López de Prado is a research fellow at Lawrence Berkeley National Laboratory (U.S. Department of Energy, Office of Science). A top 10-most-read author in finance based on SSRN's rankings, he has published dozens of scientific articles on machine learning and supercomputing and holds multiple international patent applications on algorithmic trading.

Marcos earned a Ph.D. in Financial Economics (2003), a Ph.D. in Mathematical Finance (2011) from Universidad Complutense de Madrid, and is a recipient of Spain's National Award for Academic Excellence (1999). He completed his post-doctoral research at Harvard University and Cornell University.

Learn more by subscribing to our YouTube channel to access all of our videos.

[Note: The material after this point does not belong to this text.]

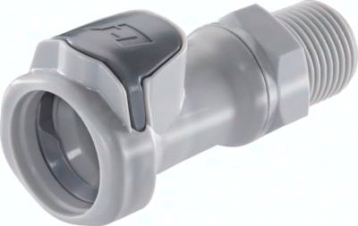 Steckerdurchmesser: 18,5 mm Durchfluss* Luft (Wasser): 1200 - 4100 l/min (15 - 57 l/min) Funktion: Wird durch Einstecken des Steckers in die Muffe bis zum hörbaren Klick gekuppelt. Ein Druck auf den ergonomischen Kunststoff-Entriegelungsknopf (gegen versehentliches Entriegeln geschützt) gibt den Stecker wieder frei. Es können Kupplungsstecker und Kupplungsdosen mit und ohne Absperrventil, sowie verschiedene Werkstoffe beliebig kombiniert werden. Das Absperrventil verhindert ein Austreten des Mediums im ungekuppelten Zustand. Typ Polypropylen: Werkstoffe: Körper, Ventile und Entriegelungstaste: Polypropylen (FDA-zertifiziert), Ventilfedern: Edelstahl AISI 316, Dichtungen: EPDM, äußere Feder unter Druckknopf: AISI 302, Schottmutter: Polypropylen, Schottdichtung: EPDM Temperaturbereich: 0°C bis max. +70°C Betriebsdruck: 0 - 4,2 bar, Vakuum bis 80%, (>+27°C Druckabschläge beachten: +40°C: max. 3,4 bar, +50°C: max. 2,7 bar, +60°C: max. 2,2 bar, +70°C: max. 1,7 bar) Medien: Druckluft, Wasser, viele Säuren und Laugen, Alkohole, Glykol, MEK, Sauerstoff**, Ozon, Kohlendioxid, viele Chemikalien Sterilisierbar durch: Formalin, Isopropylalkohol, Ethylalkohol, Ethylenoxid, Gammastrahlung Einsatzbereich: Für viele Chemikalien geeignet. Keine Beständigkeit gegenüber Mineralölen. Typ Polysulfon: Werkstoffe: Körper, Ventile und Entriegelungstaste: Polysulfon (FDA-zertifiziert), Ventilfedern: Edelstahl AISI 316, Dichtungen: EPDM, äußere Feder unter Druckknopf: AISI 302, Schottmutter: Polypropylen, Schottdichtung: EPDM Temperaturbereich: -40°C bis max. +138°C Betriebsdruck: 0 - 8,6 bar, Vakuum bis 80% (>+90°C Druckabschläge beachten: +100°C: max. 8,2 bar, +110°C: max. 7,8 bar, +120°C: max. 7,4 bar, +130°C: max. 7,1 bar, +138°C: max. 6,8 bar) Medien: Druckluft, Wasser, viele Säuren und Laugen, Alkohole, Glykol, Sauerstoff**, Ozon, viele Chemikalien Sterilisierbar durch: Formalin, Isopropylalkohol, Ethylalkohol, Ethylenoxid, Gammastrahlung, Erwärmung auf max. +121°C (ungekuppelt), Autoklavieren bei max. +121°C (ungekuppelt) Einsatzbereich: Kompatibel zu***: CPC-Colder HFC12, CPC-Colder HFC35 Für allgemeine Anwendungen, Anwendungen bei hohen Temperaturen. Keine Beständigkeit gegenüber Mineralölen. Nicht für Außenanwendungen geeignet, da nicht UV-stabilisiert. *bei 1 bar Druckabfall (je nach Konfiguration der Kupplungskombination: mit/ohne Ventil, Anschlussdimension, ... liegt der Durchfluss innerhalb des angegeben Bereichs), **vor Verwendung mit Sauerstoff unbedingt reinigen ***Namen und Bezeichnungen sind z.T. eingetragene Warenzeichen der jeweiligen Hersteller.

As always, if there are any topics you would like us to focus on for future videos, please comment below or send us a quick note at [email protected].

Disclaimer

The material on this website is provided for informational purposes only and does not constitute an offer to sell, a solicitation to buy, or a recommendation or endorsement for any security or strategy, nor does it constitute an offer to provide investment advisory services by Quantopian. In addition, the material offers no opinion with respect to the suitability of any security or specific investment. No information contained herein should be regarded as a suggestion to engage in or refrain from any investment-related course of action as none of Quantopian nor any of its affiliates is undertaking to provide investment advice, act as an adviser to any plan or entity subject to the Employee Retirement Income Security Act of 1974, as amended, individual retirement account or individual retirement annuity, or give advice in a fiduciary capacity with respect to the materials presented herein. If you are an individual retirement or other investor, contact your financial advisor or other fiduciary unrelated to Quantopian about whether any given investment idea, strategy, product or service described herein may be appropriate for your circumstances. All investments involve risk, including loss of principal. Quantopian makes no guarantees as to the accuracy or completeness of the views expressed in the website. The views are subject to change, and may have become unreliable for various reasons, including changes in market conditions or economic circumstances.

18 responses

Thank you, what a great presentation! The link to the Google drive where the presentation slides are stored doesn't appear to be working however. I get the below error message when trying to access it:

Sorry, unable to open the file at this time.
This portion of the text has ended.